**Exercise aim**: From the entries below, reproduce exactly the lines from the one with "3、在課程詳情頁(yè)面,點(diǎn)擊【我要報(bào)名】按鈕。" through the one with "BL-Graphics accompagne déjà", both included, without images.

───── Data listing ─────

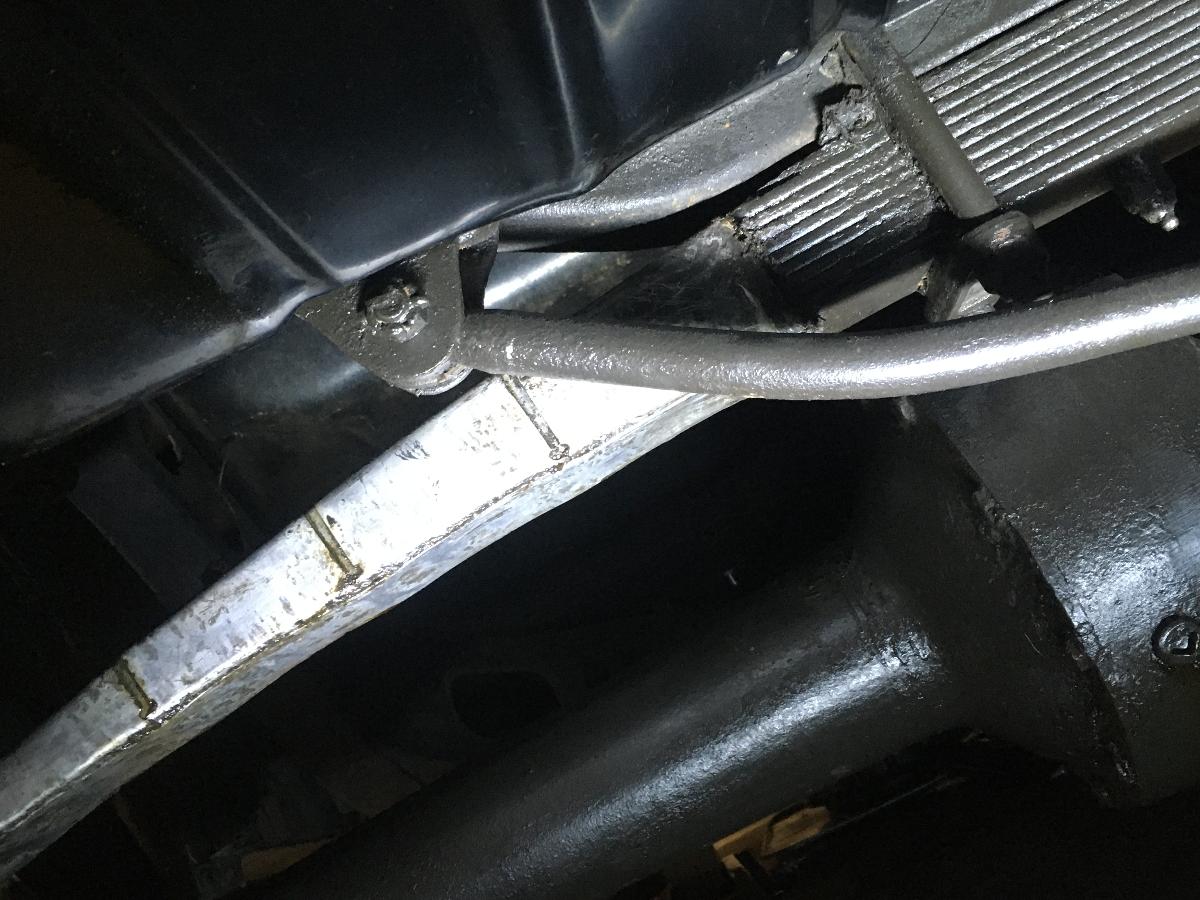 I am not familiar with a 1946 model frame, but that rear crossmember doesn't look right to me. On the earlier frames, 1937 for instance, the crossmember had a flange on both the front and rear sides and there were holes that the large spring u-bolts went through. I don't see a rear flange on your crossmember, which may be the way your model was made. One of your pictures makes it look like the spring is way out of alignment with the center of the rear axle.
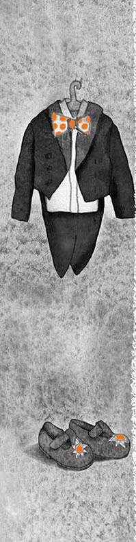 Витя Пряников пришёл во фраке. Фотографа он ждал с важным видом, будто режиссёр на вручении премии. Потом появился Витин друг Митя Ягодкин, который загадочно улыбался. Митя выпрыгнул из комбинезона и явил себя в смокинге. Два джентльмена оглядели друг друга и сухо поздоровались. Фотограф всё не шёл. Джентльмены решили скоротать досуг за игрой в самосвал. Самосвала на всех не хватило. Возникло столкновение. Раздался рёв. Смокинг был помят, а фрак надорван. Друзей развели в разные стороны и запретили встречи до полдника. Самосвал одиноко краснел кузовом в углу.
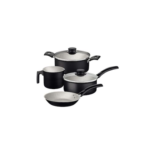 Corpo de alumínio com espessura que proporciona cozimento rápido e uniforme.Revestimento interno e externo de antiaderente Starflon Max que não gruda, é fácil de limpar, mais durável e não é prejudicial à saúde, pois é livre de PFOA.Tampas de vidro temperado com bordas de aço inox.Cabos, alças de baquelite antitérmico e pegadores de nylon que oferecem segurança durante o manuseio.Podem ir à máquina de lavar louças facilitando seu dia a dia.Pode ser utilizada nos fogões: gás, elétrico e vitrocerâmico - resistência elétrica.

─────
───── Data listing ─────

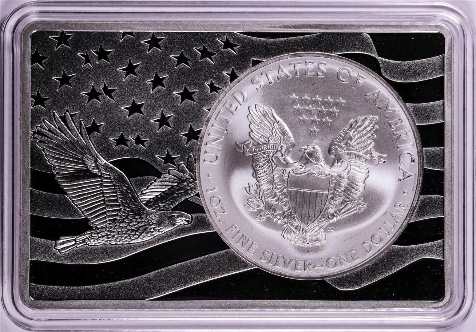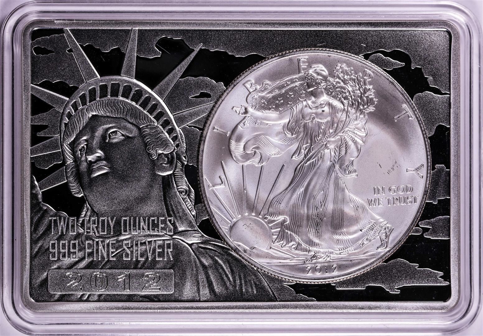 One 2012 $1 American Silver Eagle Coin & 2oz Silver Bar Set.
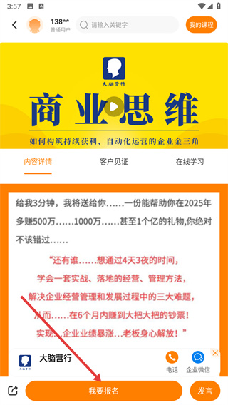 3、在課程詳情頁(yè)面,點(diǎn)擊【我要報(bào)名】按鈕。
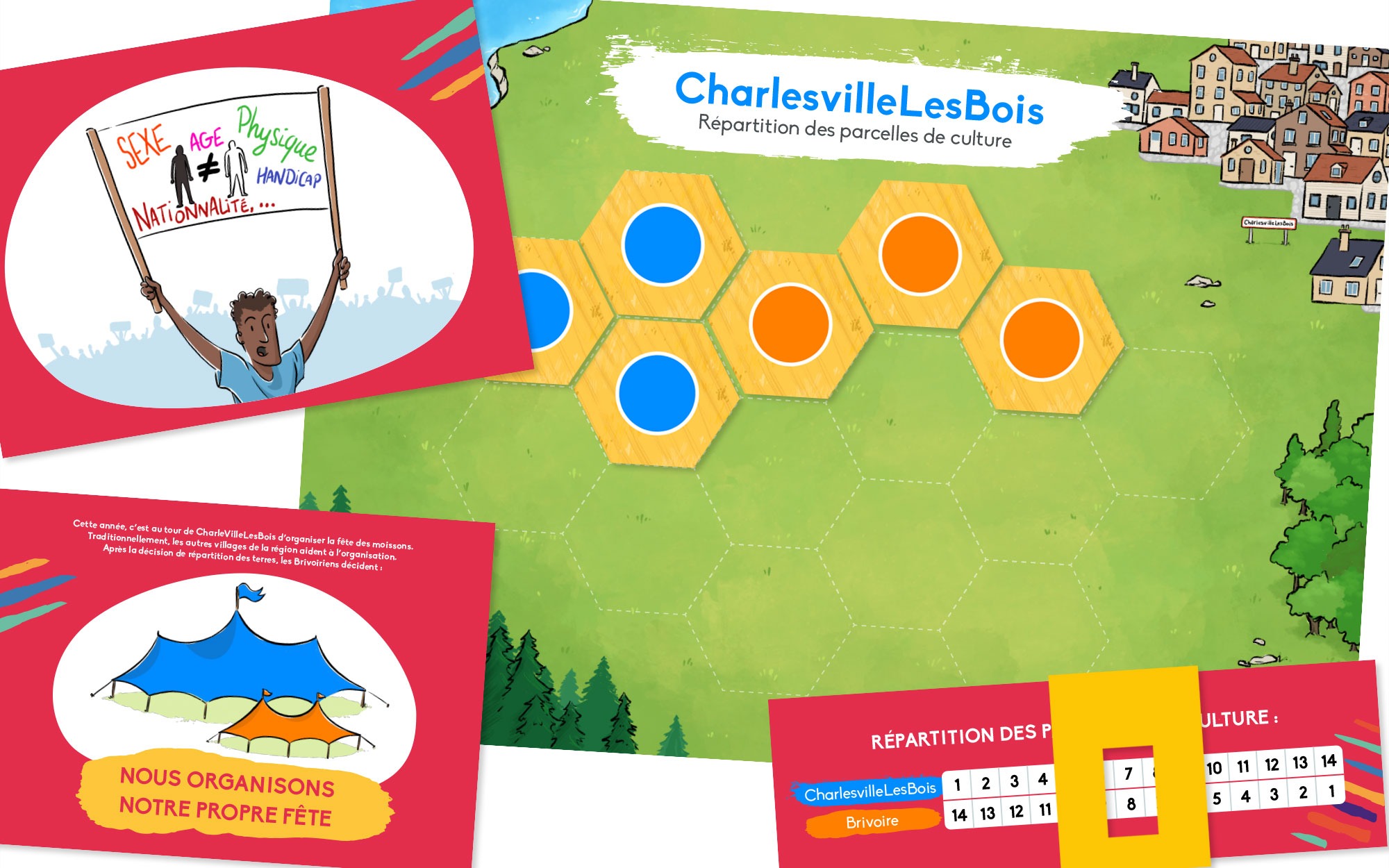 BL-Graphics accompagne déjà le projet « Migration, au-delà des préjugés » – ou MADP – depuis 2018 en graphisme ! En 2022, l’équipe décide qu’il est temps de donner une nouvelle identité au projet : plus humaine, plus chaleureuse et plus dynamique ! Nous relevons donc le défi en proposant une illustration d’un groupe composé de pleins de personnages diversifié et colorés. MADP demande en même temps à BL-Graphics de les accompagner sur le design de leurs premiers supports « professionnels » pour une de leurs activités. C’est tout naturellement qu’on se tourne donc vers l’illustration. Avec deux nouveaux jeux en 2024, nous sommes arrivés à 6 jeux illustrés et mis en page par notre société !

─────

**Problem solution**:
 3、在課程詳情頁(yè)面,點(diǎn)擊【我要報(bào)名】按鈕。
 BL-Graphics accompagne déjà le projet « Migration, au-delà des préjugés » – ou MADP – depuis 2018 en graphisme ! En 2022, l’équipe décide qu’il est temps de donner une nouvelle identité au projet : plus humaine, plus chaleureuse et plus dynamique ! Nous relevons donc le défi en proposant une illustration d’un groupe composé de pleins de personnages diversifié et colorés. MADP demande en même temps à BL-Graphics de les accompagner sur le design de leurs premiers supports « professionnels » pour une de leurs activités. C’est tout naturellement qu’on se tourne donc vers l’illustration. Avec deux nouveaux jeux en 2024, nous sommes arrivés à 6 jeux illustrés et mis en page par notre société !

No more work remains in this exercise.